Deduplication is a data redundancy elimination technique, designed to save system storage resources by reducing redundant data in cloud storage systems. With the development of cloud computing technology, deduplication has been increasingly applied to cloud data centers. However, traditional technologies face great challenges in big data deduplication to properly weigh the two conflicting goals of deduplication throughput and high duplicate elimination ratio. This paper proposes a similarity clustering-based deduplication strategy (named SCDS), which aims to delete more duplicate data without significantly increasing system overhead. The main idea of SCDS is to narrow the query range of fingerprint index by data partitioning and similarity clustering algorithms. In the data preprocessing stage, SCDS uses data partitioning algorithm to classify similar data together.

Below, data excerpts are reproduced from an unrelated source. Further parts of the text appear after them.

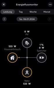 Im Zuge der Installation der PV-Anlage hat unser Elektriker diese in der Softwarelösung des Herstellers registriert. Das ist in meinem Fall das Sunny Portal von SMA. Zusätzlich gibt es eine App, welche die Daten visualisiert, die die Anlage an das Portal übermittelt. Damit sieht man zu jeder Zeit, wieviel Strom die Anlage gerade produziert, wieviel verbraucht wird, was der Ladezustand der Batterie ist, und viele weitere Details, sowohl aktuell als auch in der Vergangenheit. Und wie alles Neue ist das erst mal unglaublich interessant.
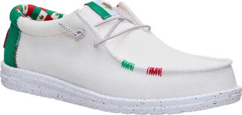 Classic, casual and exceptionally comfortable, this chukka-style lace-up sits on generous cushioning and a lightweight, flexible sole with a grippy tread that puts traction under every step. The hand-stitched moc toe, laces and back heel feature the colors of of different country flags.
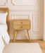 - Curved nightstand - Endlessly versatile, this curved nightstand table makes a perfect stand for nibbles, drinks, or a lamp. It will prove handy all over your home and is made from 100% solid mango wood and has a fine finish. It has curved edges which will fit into any home/living space. It also comes with 2 drawers that come with shiny knobs and 4 Nordic style legs.
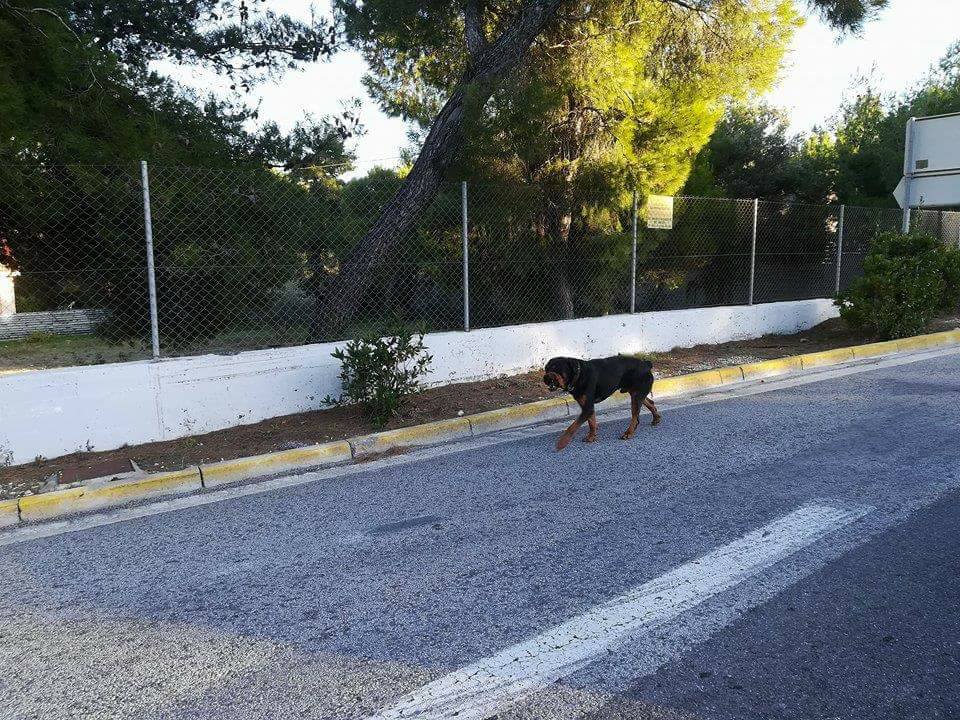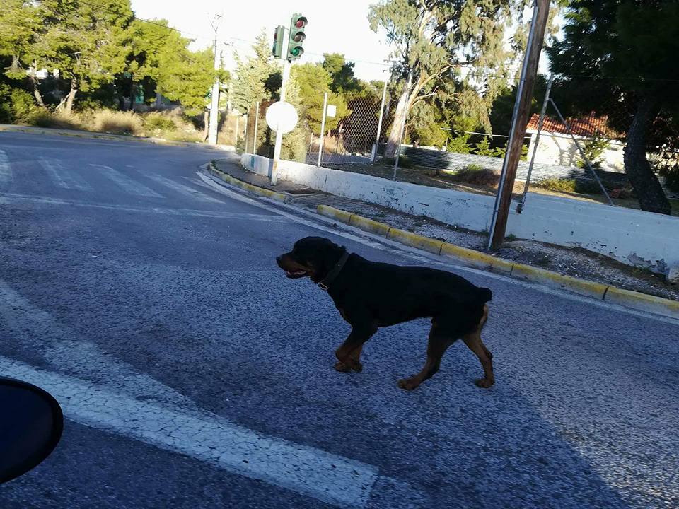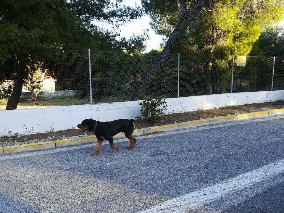 Δύο rottweiler κυκλοφορούν στη Λεωφ. Μαραθώνος στην περιοχή του Αγ. Ανδρέα – Μάτι. Και τα δύο σκυλιά φοράνε κόκκινο περιλαίμιο, ενώ πολύ πιθανό είναι να έχουν φύγει από το ίδιο σπίτι.

In the data deletion stage, the similarity clustering algorithm is used to divide the similar data fingerprint superblock into the same cluster. Repetitive fingerprints are detected in the same cluster to speed up the retrieval of duplicate fingerprints. Experiments show that the deduplication ratio of SCDS is better than some existing similarity deduplication algorithms, but the overhead is only slightly higher than some high throughput but low deduplication ratio methods.
云存储系统中基于相似性聚类的重复数据删除策略
重复数据删除是一种数据冗余消除技术,通过减少云存储系统中的冗余数据,节省系统存储资源。随着云计算技术的发展,重复数据删除在云数据中心的应用越来越广泛。然而,在大数据重复数据删除中,传统技术如何权衡重复数据删除吞吐量和高重复消除率这两个相互冲突的目标,面临着巨大的挑战。本文提出了一种基于相似聚类的重复数据删除策略(SCDS),该策略的目的是在不显著增加系统开销的情况下删除更多的重复数据。SCDS的主要思想是通过数据划分和相似聚类算法来缩小指纹索引的查询范围。在数据预处理阶段,SCDS使用数据划分算法对相似的数据进行分类。在数据删除阶段,采用相似聚类算法将相似数据指纹超级块划分到同一聚类中。在同一聚类中检测重复指纹,以加快重复指纹的检索速度。实验表明,SCDS的重复数据删除率优于现有的一些相似重复数据删除算法,但开销仅略高于一些高吞吐量、低重复数据删除率的方法。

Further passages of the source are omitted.